# TNT not delivering BRP



## Nanopal (Apr 13, 2015)

It has been 3 weeks I received an email telling me that my BRP was out for delivery. In that time,

(1) I have phoned their customer service number 0345 6080630 every day. No answers. I have tried first thing in the morning. I have waited hours on the phone. Not even sure they have any one answering the phone.
(2) I have used Final Mile to rearrange a delivery almost every day but only on the 7th September was it ever "out for delivery". Does the website work? Is it broken?
(3) I have tried phoning customer support on 0800 100 600 but the two people I have spoken to on this number have told me that (a) they can not help me as they use a different database, (b) there is no complaints department / customer support I can talk to. (c) they can not put me through to the 0345 number as it appears they are aware that they will never get through.

I know I am not alone in facing these difficulties (look at their social media profile it is swamped with complaints). I have complained to *[email protected]* and they issued the following response which was unhelpful: _ "We advise customers to contact FedEx themselves to re-arrange their own delivery for a date that is convenient for them. This can be done via the FedEx tracking website here using your delivery consignment refence and the delivery postcode." _It's almost like they didn't even read the initial query! I have replied to this email but I have still not received a response.

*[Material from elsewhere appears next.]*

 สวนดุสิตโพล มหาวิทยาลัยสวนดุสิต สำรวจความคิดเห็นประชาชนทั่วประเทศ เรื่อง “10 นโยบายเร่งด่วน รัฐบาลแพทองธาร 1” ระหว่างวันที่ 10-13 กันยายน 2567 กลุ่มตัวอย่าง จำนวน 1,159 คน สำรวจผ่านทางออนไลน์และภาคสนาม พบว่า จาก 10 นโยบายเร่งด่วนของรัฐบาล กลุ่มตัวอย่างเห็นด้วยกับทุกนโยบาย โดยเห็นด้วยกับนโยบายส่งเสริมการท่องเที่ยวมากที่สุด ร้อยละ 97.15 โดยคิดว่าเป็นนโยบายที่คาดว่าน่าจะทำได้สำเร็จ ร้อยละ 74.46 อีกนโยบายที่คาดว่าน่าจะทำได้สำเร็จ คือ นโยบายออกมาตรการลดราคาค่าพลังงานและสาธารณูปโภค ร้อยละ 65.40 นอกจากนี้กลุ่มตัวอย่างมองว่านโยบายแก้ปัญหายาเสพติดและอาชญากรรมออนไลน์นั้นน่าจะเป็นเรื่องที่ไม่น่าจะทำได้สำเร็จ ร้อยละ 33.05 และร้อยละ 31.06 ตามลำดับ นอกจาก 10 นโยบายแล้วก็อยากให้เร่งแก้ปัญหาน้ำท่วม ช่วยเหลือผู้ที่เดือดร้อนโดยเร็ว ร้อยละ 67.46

Sorry for the whine but can any one suggest a solution? Has any one resolved these issues?


----------



## PurpleSkies (Oct 11, 2015)

Hi,

Sorry to hear that you’re going through so much stress.

Don’t keep rearranging the delivery. That was my mistake on Final Mile. They kept delaying my BRP once I rescheduled mine.

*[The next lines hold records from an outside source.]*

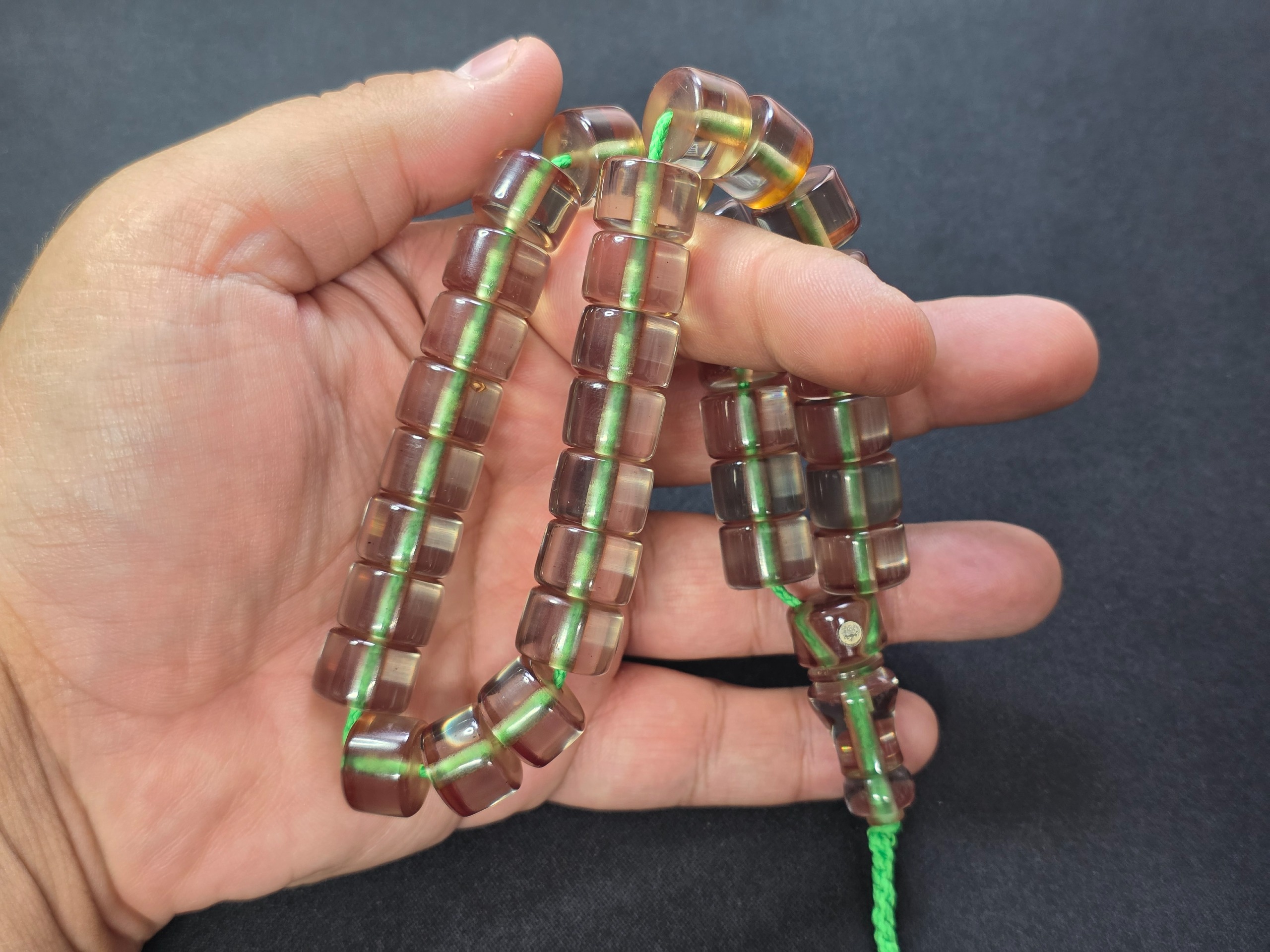 تسبیح سندلوس آب حیات زرافشان زغال دار ناب آلمان درجه یک با مهر نقره کوب 925 سازنده استاد نظیر بسیار منحصر به فرد و کمیاب مهر نقره کوب 925 استاد نظیر که روی هر تسبیحی میاد فقط 3 الی 5 میلیون قیمت اون تسبیح رو بالا میبره
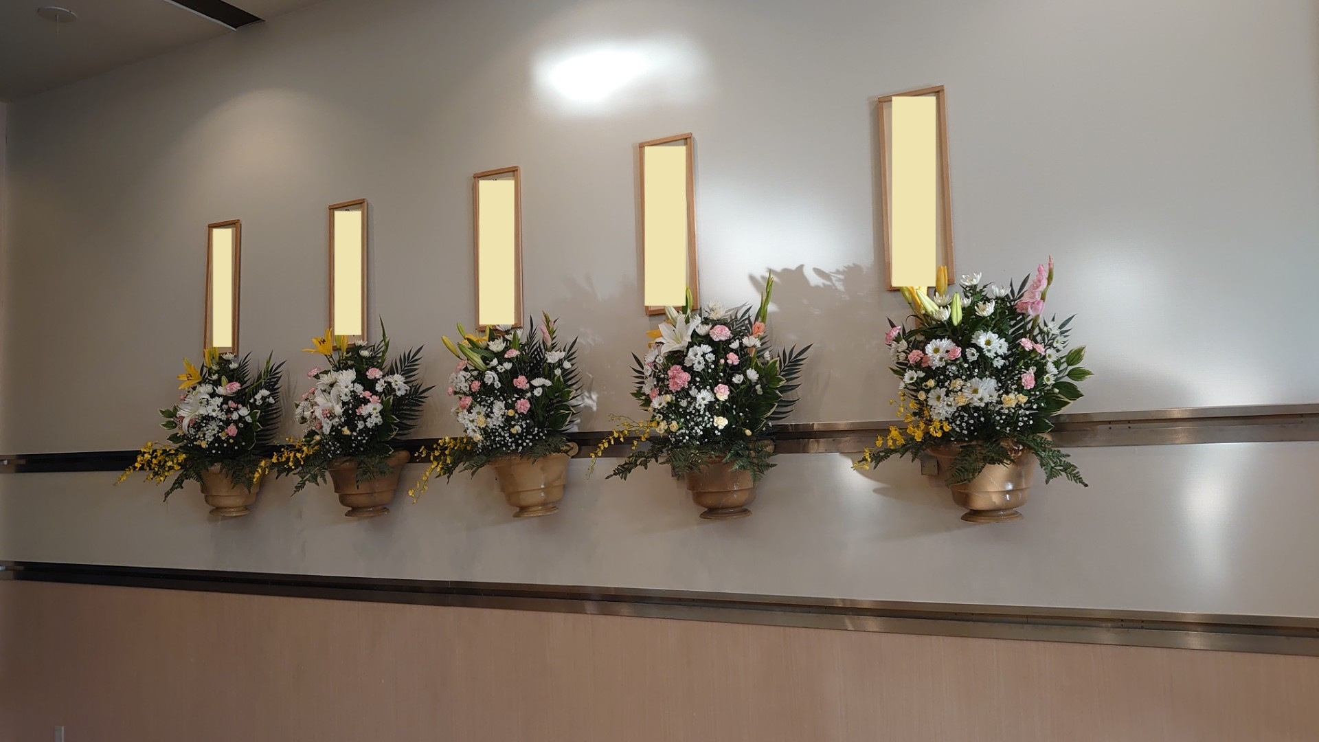 皆様からお供えで頂いたお花は祭壇横の枕花だけでなく、壁にも飾りつけお花に沢山囲まれていました。
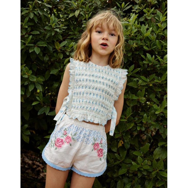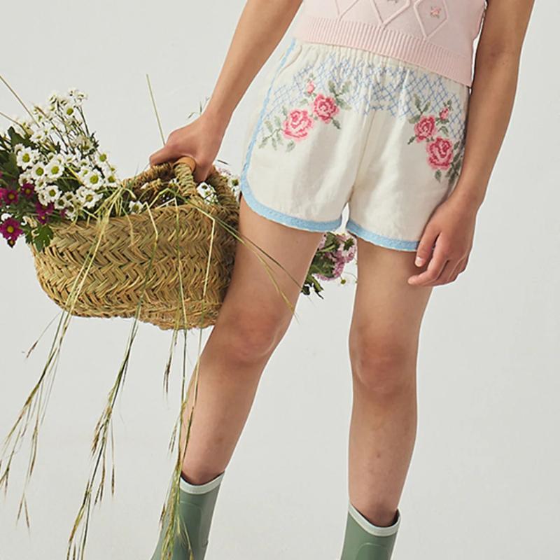Шорты с вышивкой в виде роз выглядят аккуратно и выразительно. Свободный крой позволяет двигаться без ограничений, а пояс на резинке мягко фиксирует посадку. Детали выполнены деликатно и не перегружают образ. Модель подойдет для прогулок, отдыха и сочетаний с базовыми топами и рубашками.

From my experience, I received an email from UKVI a week after I had initially rescheduled delivery saying my BRP was out for delivery via TNT/FedEx.

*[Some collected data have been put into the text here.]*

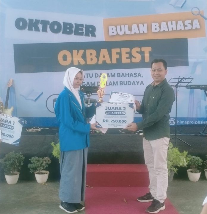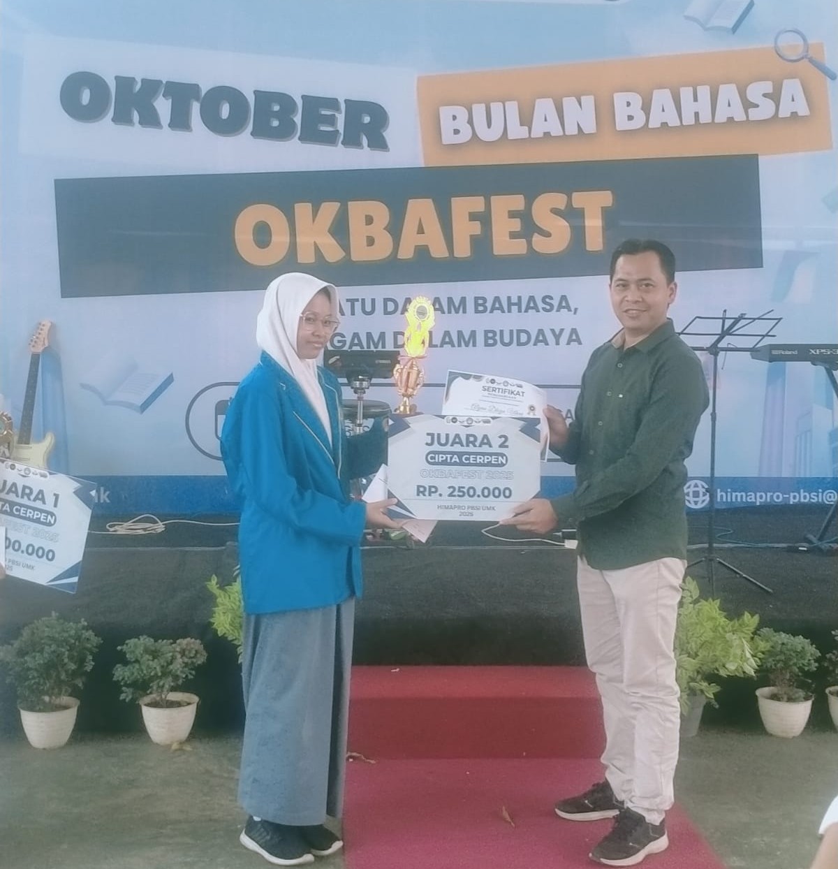 Kudus, 16 Oktober 2025 — Prestasi membanggakan kembali diraih oleh salah satu siswi SMA Muhammadiyah Kudus, Alya Dhiya Ulhaq, yang berhasil meraih Juara 2 dalam Lomba Cipta Cerpen pada ajang OKBAFEST Universitas Muria Kudus (UMK), Kamis (16/10/2025).
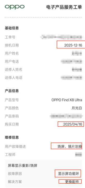 “当时主要是导航条部分有残影,我买这个手机主要是看好拍照功能,但是担心换屏拆机可能会导致镜头进灰影响拍照,就没有及时送去维修”,直到2025年12月该手机续航也出现严重问题,张先生才送去当地OPPO授权服务中心门店检测维修。工作人员检测电池容量为额定容量的80%-85%,状态无异常,认定仅屏幕存在烧屏故障后,为张先生更换了一块新屏幕。
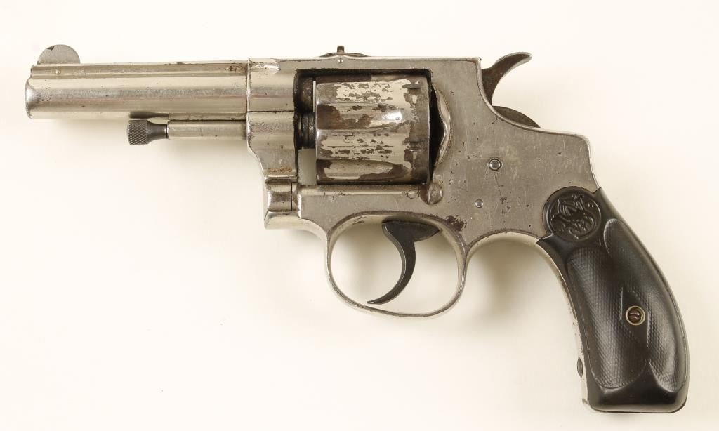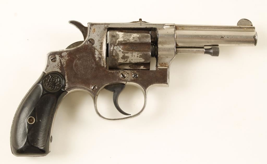 SN: 8410 Nickel plated 6-shot double-action solid frame revolver with a 3-1/4" barrel and hard rubber grips. Plating is dull and scratched with the edges and many areas worn through to bare metal that has turned to a brown patina. The checkered hard rubber grips are worn smooth in spots but are 100 % complete with no chips or cracks and only a few minor deficiencies. Works well in double action but doesn't rotate the cylinder fully to the next chamber in single action. Bore is dull with lots of rifling and pitting. Chambers are dirty but appear unmarred. Condition is fair. *Modern Firearm*

They delivered the next day.

I think TNT/FedEx deliver when they have a driver in your area and not when you want them to.

There is a shortage of delivery drivers and the fuel shortage hasn’t helped.

I had a week’s delay of TNT constantly changing delivery date on their Final Mile online tracking system

This was at the beginning of September.

TNT never notified me of any changes by email. They didn’t respond to my complaint.

As it’s been 3 weeks, you can now report it to the Home Office.

There is a report now button at the end of this link that says you will get a response in a week:






Biometric residence permits (BRPs)


Biometric residence permits (BRP) - what they are, personal data, how to report problems.




www.gov.uk





It is a horrible situation and I know others who have been affected as well.

I hope that yours is resolved soon


----------



## rickie_dodi (Oct 15, 2021)

I face the same situation that the final mile keeps cahnging my delivery date. I have reported it to Home Office, hope hearing from them.


----------



## RazerTitus (Dec 3, 2021)

Nanopal said:


> It has been 3 weeks I received an email telling me that my BRP was out for delivery. In that time,
> 
> (1) I have phoned their customer service number 0345 6080630 every day. No answers. I have tried first thing in the morning. I have waited hours on the phone. Not even sure they have any one answering the phone.
> (2) I have used Final Mile to rearrange a delivery almost every day but only on the 7th September was it ever "out for delivery". Does the website work? Is it broken?
> ...


Hi, I am in the same situation and need travel in a week. Did TNT/FedEx deliver the BRP after that? How were you be resolve it?


----------



## Jouseedalan (Dec 13, 2021)

I also have same issue.TNT driver just took a fence picture and updated as nobody is there at home.The Apartment has concierge and a very good intercom system.pls let me know how did you manage to get it?


----------



## RazerTitus (Dec 3, 2021)

Thanks Purpleskies, like you mentioned, l did not reschedule my date.

When I gave Monday as my selected date, they did not come and each day they kept rescheduling to next day whenever I check in the morning. On Saturday, the date did not change but it said "Out for Delivery" and I did get it around 1 PM. So, just don't reschedule, if they are not coming, they will change to next working day. But if they are coming, they will say "out for delivery" before 9 AM.

Also, they will deliver on Saturday too but not Sunday, so don't reschedule if you get date as Saturday.

If you don't want to delay at all, just be there to collect the parcel the very first day they come for delivery.

Hope this helps everyone to solve the tensed situation


----------



## yuex1994 (Jan 8, 2022)

Jouseedalan said:


> I also have same issue.TNT driver just took a fence picture and updated as nobody is there at home.The Apartment has concierge and a very good intercom system.pls let me know how did you manage to get it?


Same here. Waited the entire day in my flat and had no telecom ring/concierge notice. Delivery driver took a photo of the building and then just left. I have called 0345 608 0630 and they said they’ll leave my phone number with the delivery driver for them to contact once they are here. Let’s see how that goes


----------



## esseenen (6 mo ago)

yuex1994 said:


> Same here. Waited the entire day in my flat and had no telecom ring/concierge notice. Delivery driver took a photo of the building and then just left. I have called 0345 608 0630 and they said they’ll leave my phone number with the delivery driver for them to contact once they are here. Let’s see how that goes


 Hi , Same thing happened to me . Just happened few days ago. The helpline is not helpful at all and they are very rude . May I know what happened to yours? Did you have to pick it up at the depot?


----------